> _WHAT THE TASK ASKS_: Take the records below and set down exactly the lines from the one with "Hydrangea - 1" to the one with "Regeoptic є унікальним", ends included; do not copy the pictures.

> _STORED DATA_:
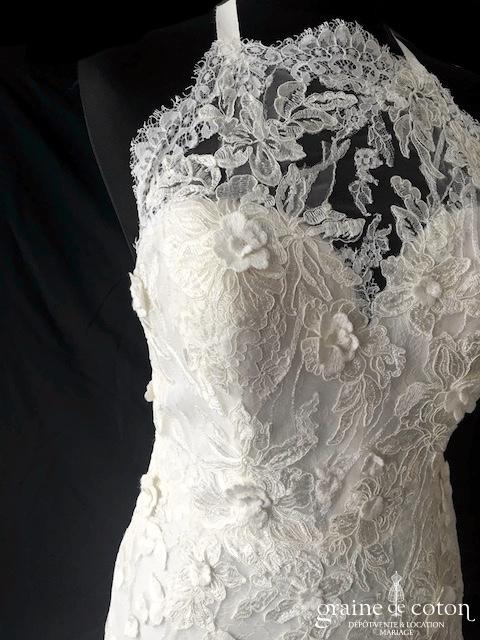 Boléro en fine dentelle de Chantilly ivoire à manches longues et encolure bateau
...
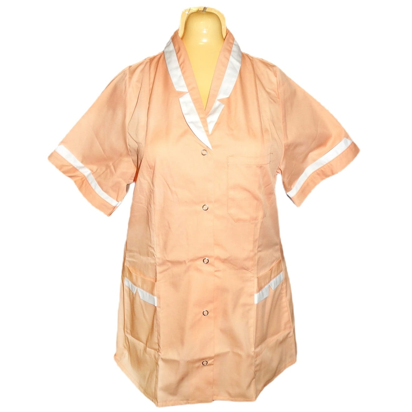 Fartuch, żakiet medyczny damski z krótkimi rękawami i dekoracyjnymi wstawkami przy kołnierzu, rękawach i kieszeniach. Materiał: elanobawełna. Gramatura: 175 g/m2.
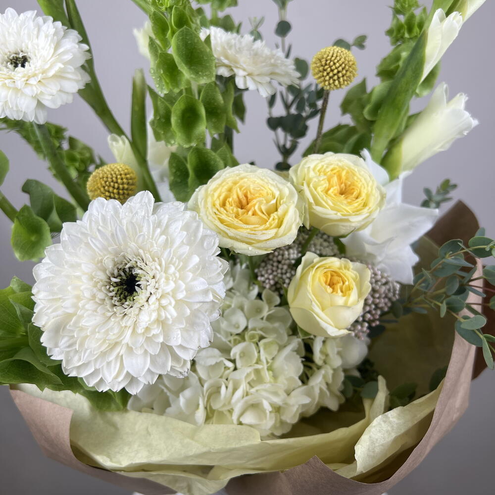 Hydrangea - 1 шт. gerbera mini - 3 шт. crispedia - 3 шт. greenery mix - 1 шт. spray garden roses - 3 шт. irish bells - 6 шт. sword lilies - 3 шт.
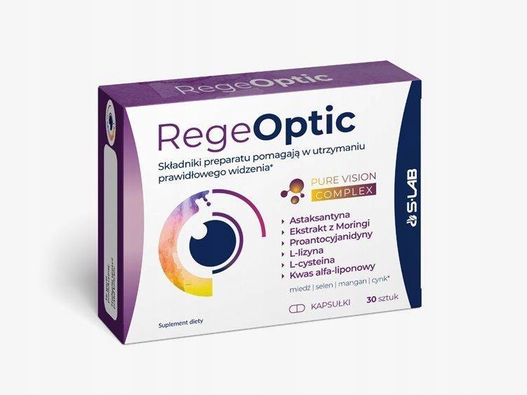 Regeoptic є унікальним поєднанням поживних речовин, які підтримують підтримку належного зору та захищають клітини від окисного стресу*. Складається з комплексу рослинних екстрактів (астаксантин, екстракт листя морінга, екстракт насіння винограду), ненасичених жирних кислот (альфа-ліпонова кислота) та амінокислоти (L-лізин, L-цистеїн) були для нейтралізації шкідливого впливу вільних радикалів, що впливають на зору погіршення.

> _RESPONSE FOR THIS EXERCISE_:
 Hydrangea - 1 шт. gerbera mini - 3 шт. crispedia - 3 шт. greenery mix - 1 шт. spray garden roses - 3 шт. irish bells - 6 шт. sword lilies - 3 шт.
 Regeoptic є унікальним поєднанням поживних речовин, які підтримують підтримку належного зору та захищають клітини від окисного стресу*. Складається з комплексу рослинних екстрактів (астаксантин, екстракт листя морінга, екстракт насіння винограду), ненасичених жирних кислот (альфа-ліпонова кислота) та амінокислоти (L-лізин, L-цистеїн) були для нейтралізації шкідливого впливу вільних радикалів, що впливають на зору погіршення.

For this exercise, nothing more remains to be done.